Tra giugno e settembre 2024, sono state riportate 75 rilevazioni di virus dell’influenza aviaria altamente patogena (HPAI) A(H5) e A(H7) in Europa, che hanno coinvolto 11 Paesi. La maggior parte dei casi ha riguardato uccelli selvatici, soprattutto gabbiani nidificanti lungo le coste dell’Atlantico, del Mare del Nord e del Baltico. Nessuna nuova infezione nei mammiferi è stata segnalata in Europa, ma negli Stati Uniti i focolai negli allevamenti di bovini sono aumentati, con oltre 230 casi. Durante lo stesso periodo, sono stati riportati 19 casi nell’uomo di infezione in USA, Cambogia, Cina e Ghana, principalmente legati a esposizioni a pollame o ambienti contaminati. Non sono stati segnalati casi di trasmissione da uomo a uomo, e il rischio di infezione per la popolazione generale dell’UE/SEE rimane basso. Tuttavia, il rischio è considerato da basso a moderato per coloro che sono esposti professionalmente ad animali infetti o ambienti a rischio.
Introduzione
L’EFSA (European Food Safety Authority) ha presentato il 3 ottobre 2024 una relazione scientifica che fornisce una panoramica dei rilevamenti di virus dell’influenza aviaria ad alta patogenicità (HPAI) nel pollame, in cattività e nei volatili selvatici avvenuti all’interno e all’esterno dell’Europa tra il 15 giugno e il 23 settembre 2024, nonché dei rilevamenti di virus HPAI nei mammiferi fino al 23 settembre 2024 e dei casi nell’uomo dovuti all’infezione da influenza aviaria tra il 21 giugno e il 20 settembre 2024.
Rilevamenti del virus HPAI negli uccelli in Europa
La figura 1 mostra tutti i rilevamenti di virus HPAI nei volatili in Europa che sono stati segnalati tramite il sistema di informazione sulle malattie animali (ADIS) dell’Unione europea (UE) o il sistema mondiale di informazione sulla salute animale (WOAH-WAHIS) dell’Organizzazione mondiale per la salute animale (WOAH) nel corso di cinque anni epidemiologici, dal 1o ottobre 2019 al 20 settembre 2024.

Figura 1 – Distribuzione del numero di rilevamenti del virus HPAI in uccelli selvatici (numero cumulativo n = 11.232) (a) e domestici (n = 6.204) (b) segnalati in Europa nel corso di cinque anni epidemiologici per mese di sospetto, dal 1o ottobre 2019 al 20 settembre 2024 (totale n = 17.436)
Il numero molto basso di rilevamenti del virus HPAI segnalati in uccelli selvatici e domestici in Europa tra il 15 giugno e il 20 settembre ha confermato il numero molto basso segnalato nel precedente periodo di riferimento, tra il 16 marzo e il 14 giugno 2024, ed è coerente con la tendenza osservata dall’inizio dell’anno epidemiologico 2023-2024. Da notare che il numero totale di rilevamenti del virus HPAI nei volatili selvatici e domestici durante un anno epidemiologico non è stato così basso dall’anno epidemiologico 2019-2020.
Inoltre, il numero di rilevamenti di virus HPAI nell’attuale periodo di riferimento è stato molto inferiore rispetto agli stessi periodi dei due anni epidemiologici precedenti 2021-2022 e 2022-2023 (Figura 1).
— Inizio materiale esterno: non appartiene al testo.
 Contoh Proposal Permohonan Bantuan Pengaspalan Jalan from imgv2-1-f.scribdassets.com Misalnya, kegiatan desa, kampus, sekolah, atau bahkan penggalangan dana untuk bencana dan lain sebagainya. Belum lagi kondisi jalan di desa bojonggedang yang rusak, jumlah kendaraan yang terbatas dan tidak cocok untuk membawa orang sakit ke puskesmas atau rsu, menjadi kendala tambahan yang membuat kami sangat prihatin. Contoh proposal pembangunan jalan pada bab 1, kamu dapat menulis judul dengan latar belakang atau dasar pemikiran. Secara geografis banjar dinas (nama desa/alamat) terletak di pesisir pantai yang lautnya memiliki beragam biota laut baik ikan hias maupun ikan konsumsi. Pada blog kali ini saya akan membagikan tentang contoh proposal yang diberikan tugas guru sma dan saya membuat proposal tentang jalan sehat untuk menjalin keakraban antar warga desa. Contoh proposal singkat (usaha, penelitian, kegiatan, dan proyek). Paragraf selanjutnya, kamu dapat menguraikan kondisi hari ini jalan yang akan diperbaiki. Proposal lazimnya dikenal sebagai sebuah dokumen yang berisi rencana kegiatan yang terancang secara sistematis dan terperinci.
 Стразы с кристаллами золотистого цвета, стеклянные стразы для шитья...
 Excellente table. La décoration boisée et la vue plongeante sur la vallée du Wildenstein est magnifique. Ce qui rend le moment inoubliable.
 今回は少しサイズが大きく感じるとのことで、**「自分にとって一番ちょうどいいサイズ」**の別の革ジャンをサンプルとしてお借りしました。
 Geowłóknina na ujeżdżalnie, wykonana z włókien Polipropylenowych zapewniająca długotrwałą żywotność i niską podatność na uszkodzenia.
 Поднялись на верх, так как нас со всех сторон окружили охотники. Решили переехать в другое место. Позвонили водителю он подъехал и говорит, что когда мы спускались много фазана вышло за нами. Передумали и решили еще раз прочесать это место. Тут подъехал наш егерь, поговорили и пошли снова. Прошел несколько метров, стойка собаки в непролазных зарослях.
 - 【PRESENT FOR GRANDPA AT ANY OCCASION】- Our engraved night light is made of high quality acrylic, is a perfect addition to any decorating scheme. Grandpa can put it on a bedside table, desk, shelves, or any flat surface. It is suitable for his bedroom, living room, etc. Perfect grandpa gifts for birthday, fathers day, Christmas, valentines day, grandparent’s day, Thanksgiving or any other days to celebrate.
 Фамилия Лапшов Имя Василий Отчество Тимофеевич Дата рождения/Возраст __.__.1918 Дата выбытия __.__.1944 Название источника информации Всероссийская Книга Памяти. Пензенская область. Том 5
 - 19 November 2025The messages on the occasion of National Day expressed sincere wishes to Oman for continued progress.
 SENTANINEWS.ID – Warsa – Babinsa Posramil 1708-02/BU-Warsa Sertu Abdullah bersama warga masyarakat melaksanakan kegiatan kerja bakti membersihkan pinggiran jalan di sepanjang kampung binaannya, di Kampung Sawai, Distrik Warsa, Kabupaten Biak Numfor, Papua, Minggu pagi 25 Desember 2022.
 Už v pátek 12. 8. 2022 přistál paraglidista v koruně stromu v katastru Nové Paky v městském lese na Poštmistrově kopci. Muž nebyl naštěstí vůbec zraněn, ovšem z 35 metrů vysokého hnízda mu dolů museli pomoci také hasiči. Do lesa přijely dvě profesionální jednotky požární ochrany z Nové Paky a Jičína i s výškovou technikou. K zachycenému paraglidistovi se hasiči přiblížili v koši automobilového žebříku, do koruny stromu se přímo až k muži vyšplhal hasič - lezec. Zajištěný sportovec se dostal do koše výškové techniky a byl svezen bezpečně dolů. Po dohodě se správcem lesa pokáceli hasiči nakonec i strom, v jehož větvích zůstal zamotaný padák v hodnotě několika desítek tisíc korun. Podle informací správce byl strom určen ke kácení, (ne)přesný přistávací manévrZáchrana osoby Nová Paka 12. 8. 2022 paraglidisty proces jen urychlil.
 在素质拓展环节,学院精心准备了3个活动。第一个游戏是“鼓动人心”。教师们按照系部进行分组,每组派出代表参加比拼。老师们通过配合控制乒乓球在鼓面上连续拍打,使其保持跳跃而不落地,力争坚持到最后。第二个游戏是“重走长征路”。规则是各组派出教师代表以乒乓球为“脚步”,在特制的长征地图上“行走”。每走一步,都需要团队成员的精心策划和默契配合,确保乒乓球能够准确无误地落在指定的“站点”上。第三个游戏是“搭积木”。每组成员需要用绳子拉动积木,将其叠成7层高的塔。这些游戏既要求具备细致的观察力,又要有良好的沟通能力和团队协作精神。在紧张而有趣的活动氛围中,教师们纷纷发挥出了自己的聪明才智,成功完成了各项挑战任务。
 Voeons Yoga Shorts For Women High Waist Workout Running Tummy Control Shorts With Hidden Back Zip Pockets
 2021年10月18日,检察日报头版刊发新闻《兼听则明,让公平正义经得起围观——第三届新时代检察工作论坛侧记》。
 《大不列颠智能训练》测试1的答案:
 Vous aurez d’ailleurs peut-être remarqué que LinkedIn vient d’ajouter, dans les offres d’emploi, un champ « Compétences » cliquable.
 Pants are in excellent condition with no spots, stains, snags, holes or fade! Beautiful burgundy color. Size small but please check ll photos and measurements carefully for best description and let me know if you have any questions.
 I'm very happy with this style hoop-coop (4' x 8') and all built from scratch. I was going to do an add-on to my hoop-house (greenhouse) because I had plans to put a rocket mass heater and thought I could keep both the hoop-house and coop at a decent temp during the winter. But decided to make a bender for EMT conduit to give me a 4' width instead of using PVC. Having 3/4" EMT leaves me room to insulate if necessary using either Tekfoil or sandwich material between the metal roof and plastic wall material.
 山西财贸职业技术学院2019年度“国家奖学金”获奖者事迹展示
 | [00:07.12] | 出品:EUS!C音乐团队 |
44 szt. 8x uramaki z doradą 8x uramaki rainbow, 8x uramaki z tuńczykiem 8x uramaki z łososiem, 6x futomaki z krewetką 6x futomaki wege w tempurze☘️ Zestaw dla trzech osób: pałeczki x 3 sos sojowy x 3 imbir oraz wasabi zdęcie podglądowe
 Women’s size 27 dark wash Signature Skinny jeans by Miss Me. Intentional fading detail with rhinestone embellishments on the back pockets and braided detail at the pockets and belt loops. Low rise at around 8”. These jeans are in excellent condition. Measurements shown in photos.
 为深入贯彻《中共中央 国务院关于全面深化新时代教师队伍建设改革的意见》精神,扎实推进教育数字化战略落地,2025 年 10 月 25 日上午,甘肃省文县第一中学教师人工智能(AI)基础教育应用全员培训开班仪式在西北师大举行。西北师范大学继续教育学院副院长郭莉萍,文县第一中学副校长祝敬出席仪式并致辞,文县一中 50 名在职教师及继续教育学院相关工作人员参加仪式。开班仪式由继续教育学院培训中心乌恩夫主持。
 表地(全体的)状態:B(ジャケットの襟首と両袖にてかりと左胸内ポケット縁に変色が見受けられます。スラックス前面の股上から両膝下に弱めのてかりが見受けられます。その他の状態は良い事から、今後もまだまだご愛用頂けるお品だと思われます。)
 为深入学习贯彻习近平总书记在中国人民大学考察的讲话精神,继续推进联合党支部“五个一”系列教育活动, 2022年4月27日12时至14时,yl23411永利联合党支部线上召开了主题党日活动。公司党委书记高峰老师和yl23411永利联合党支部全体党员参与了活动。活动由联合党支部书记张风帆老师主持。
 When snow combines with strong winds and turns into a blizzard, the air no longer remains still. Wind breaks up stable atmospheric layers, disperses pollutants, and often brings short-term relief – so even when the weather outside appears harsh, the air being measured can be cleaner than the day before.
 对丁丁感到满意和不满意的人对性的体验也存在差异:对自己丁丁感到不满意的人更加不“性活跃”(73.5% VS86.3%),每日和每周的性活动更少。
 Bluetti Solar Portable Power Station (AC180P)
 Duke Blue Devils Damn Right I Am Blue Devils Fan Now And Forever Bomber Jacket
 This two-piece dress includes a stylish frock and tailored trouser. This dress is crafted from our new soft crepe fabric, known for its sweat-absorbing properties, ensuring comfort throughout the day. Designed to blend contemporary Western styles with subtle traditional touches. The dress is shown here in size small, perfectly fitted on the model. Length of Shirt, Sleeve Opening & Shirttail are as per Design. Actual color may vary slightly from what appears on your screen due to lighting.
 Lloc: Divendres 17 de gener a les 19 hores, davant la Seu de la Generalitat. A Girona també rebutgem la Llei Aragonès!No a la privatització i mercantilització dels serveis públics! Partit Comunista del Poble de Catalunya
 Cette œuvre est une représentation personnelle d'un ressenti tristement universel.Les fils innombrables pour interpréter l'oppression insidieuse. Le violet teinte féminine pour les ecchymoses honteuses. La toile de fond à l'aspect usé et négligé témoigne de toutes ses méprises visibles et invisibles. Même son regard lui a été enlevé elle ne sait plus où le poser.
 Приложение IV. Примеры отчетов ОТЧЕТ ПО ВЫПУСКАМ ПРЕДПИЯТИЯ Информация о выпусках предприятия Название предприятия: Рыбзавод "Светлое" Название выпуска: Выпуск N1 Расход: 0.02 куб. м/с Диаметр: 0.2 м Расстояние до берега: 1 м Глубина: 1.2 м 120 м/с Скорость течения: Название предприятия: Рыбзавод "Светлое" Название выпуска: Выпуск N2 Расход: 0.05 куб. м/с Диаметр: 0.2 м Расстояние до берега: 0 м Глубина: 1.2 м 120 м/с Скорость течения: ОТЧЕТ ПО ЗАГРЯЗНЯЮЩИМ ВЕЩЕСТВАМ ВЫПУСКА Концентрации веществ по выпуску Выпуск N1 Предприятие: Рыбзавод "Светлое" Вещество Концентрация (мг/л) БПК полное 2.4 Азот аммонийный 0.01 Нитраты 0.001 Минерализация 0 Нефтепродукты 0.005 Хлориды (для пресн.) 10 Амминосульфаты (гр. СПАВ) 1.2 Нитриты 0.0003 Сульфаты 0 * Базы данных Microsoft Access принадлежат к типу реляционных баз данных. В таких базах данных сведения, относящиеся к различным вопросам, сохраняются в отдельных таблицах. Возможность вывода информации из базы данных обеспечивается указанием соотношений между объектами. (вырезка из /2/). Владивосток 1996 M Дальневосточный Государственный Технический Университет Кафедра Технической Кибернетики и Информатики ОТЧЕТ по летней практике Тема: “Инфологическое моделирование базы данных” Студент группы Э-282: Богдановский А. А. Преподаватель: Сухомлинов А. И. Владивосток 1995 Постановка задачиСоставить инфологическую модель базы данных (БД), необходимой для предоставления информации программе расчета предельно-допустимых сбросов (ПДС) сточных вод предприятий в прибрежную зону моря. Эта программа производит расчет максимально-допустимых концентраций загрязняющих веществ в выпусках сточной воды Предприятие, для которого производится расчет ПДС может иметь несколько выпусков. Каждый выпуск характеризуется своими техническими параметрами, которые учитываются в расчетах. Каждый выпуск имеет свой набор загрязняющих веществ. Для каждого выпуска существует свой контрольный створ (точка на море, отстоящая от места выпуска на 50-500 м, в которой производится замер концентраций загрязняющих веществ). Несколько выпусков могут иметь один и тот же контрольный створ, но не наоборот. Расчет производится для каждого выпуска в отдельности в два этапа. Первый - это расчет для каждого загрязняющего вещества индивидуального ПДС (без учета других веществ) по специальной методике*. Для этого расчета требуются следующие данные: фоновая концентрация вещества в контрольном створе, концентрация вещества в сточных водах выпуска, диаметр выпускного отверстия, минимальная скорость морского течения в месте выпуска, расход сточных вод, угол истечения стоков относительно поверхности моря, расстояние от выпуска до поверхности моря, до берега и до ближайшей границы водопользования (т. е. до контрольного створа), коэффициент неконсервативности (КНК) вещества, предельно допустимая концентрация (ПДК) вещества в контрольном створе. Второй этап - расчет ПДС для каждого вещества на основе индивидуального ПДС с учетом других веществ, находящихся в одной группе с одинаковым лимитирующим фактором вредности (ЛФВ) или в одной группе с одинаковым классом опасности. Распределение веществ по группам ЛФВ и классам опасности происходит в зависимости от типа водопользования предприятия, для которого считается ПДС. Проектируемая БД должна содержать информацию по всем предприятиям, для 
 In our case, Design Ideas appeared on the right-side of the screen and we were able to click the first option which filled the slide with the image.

Tuttavia, i virus dell’HPAI continuano a circolare negli uccelli selvatici tutto l’anno, anche se a livelli inferiori rispetto agli anni precedenti.
Rilevamenti di virus HPAI nei volatili al di fuori dell’Europa
Rispetto al precedente periodo di riferimento, dal 16 marzo al 14 giugno 2024 (EFSA, ECDC e EURL, 2024a), il numero totale di rilevamenti di virus HPAI segnalati in uccelli domestici e selvatici notificati ufficialmente alla WOAH da paesi extraeuropei è sceso da 141 a 65 e il numero di paesi extraeuropei da 15 a 12 (figura 2).
Le cifre ufficiali comunicate alla WOAH durante l’attuale periodo di riferimento sono state circa cinque volte inferiori al numero di rilevamenti di virus HPAI segnalati nello stesso periodo del 2023 (tra il 15 giugno e il 20 settembre; 65 rilevamenti di virus HPAI nell’attuale anno epidemiologico rispetto ai 304 dell’anno epidemiologico precedente).
A differenza del precedente periodo di riferimento, nel periodo dal 15 giugno al 23 settembre 2024 sono stati ufficialmente segnalati alla WOAH in tutto il mondo solo otto casi di uccelli selvatici. Il Canada e gli Stati Uniti d’America (USA), che hanno notificato l’A(H5N1) negli uccelli domestici e selvatici, hanno contribuito a quasi il 20% di tutti i casi in tutto il mondo (e il 40% dei casi al di fuori dell’Europa). Inoltre, i rilevamenti del virus A(H5N1) negli uccelli selvatici sono stati segnalati solo da questi due paesi al di fuori dell’Europa.
Nel complesso, i rilevamenti di virus HPAI negli uccelli domestici ufficialmente segnalati alla WOAH sono diminuiti notevolmente rispetto al periodo di riferimento precedente a quello attuale (96 vs 57), in particolare il numero di casi negli uccelli selvatici (45 vs 8).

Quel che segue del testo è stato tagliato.